1) Consumo de productos de origen animal: La ingesta de carne estaría relacionada con la producción excesiva de óxido de trimetilamina, un componente que ha sido identificado como el responsable de pegar el colesterol a las capas internas de las arterias, aumentando el riesgo de accidentes cerebrovasculares e infartos al miocardio. (Rogers et al. Nutrition and metabolism, 2016)
2) El colesterol total es mayor en omnívoros (208  49) le siguen los ovo-lacto-vegetarianos (175  28), luego los lacto-vegetarianos (164  51) y por último los veganos (141  30) (Huang et al. BMC Women’s Health 2014, 14:55)
3) Muchos creen que el colesterol se empieza a juntar en las arterias a tardía edad, sin embargo, un estudio publicado en el año 2013, donde se analizaron 23.000 aortas de cadáveres de edades entre los 10 y 69 años, provenientes de 14 países, concluyó que prácticamente todas las aortas de niños de 10 años tenían depósitos de grasa acumulada en su interior. Esto dejó claro que las enfermedades cardiovasculares tienen su auge en la niñez. (Jack p. Strong MD et al. 2013)
Si analizamos la evidencia científica disponible, nos daríamos cuenta que ésta es determinante: consumir productos de origen animal en exceso conlleva a graves consecuencias y, por otro lado, consumir productos naturales de origen vegetal, sí puede ser beneficioso para la salud, no sólo para prevenir estas enfermedades, sino para mejorar la calidad de vida de cada persona.
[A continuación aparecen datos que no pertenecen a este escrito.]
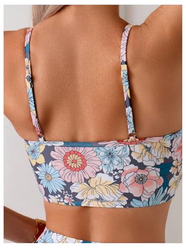Floerns Women's Floral Bikini Set Square Neck High Waisted 2 Piece Bathing Suits 2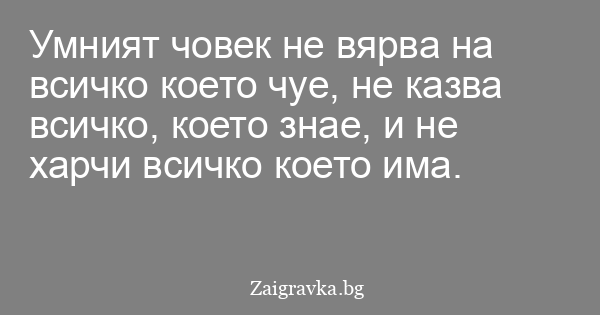 Умният човек не вярва на всичко което чуе, не казва всичко, което знае, и не харчи всичко което има.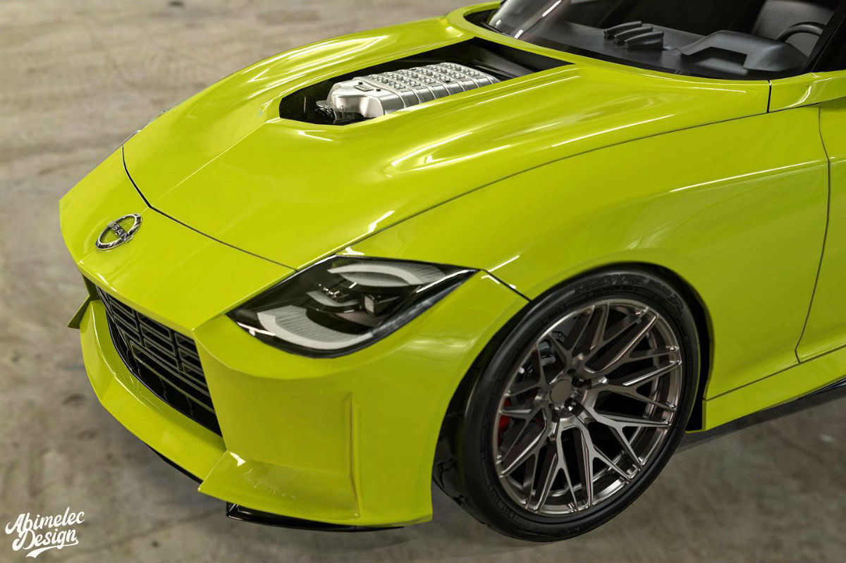El Nissan Z Proto es el concept con el que Nissan ha adelantado el futuro integrante de la gama Z, sucesor del 370Z y que, aunque no hay nombre oficial, debería llamarse 400Z. A tenor de lo visto, el modelo de producción no debería diferir mucho del prototipo, pero si a algún preparador se le ocurre hacer realidad la propuesta de Abimelec Design, tendrá que hacerlo sobre un 400Z de calle, así que técnicamente no sería un Z Proto Hellcat.

A continuación te dejo algunas recomendaciones respecto al consumo de productos animales:

1) Toma conciencia de qué es lo que estás comiendo en tu vida. No es como un paquete de galletas manufacturada por el hombre, lo que estás ingiriendo alguna vez respiró, vivió y sintió todas las emociones que tu también sientes a diario.
2) Es bueno conocer la procedencia del producto final (carne, huevo, leche, queso). Lo que alimentó a ese animal determinará la calidad del producto y su impacto en tu salud.
3) Las grandes culturas ancestrales que poseen sistemas de medicina propia como la medicina china, la cultura hindú (medicina ayurveda) y las culturas aborígenes amazónicas, proponen el consumo de carne roja de forma mensual, no semanal ni menos a diario.
4) Anda transmutando tu plato desde alimentos con vibración baja (alimentos muertos) hacia alimentos con vibración alta (vegetales, germinados y fermentados), los cuales te otorgarán vida y salud.

Nadie te apura, hazlo de a poco, pasito a pasito ¡y disfruta el proceso!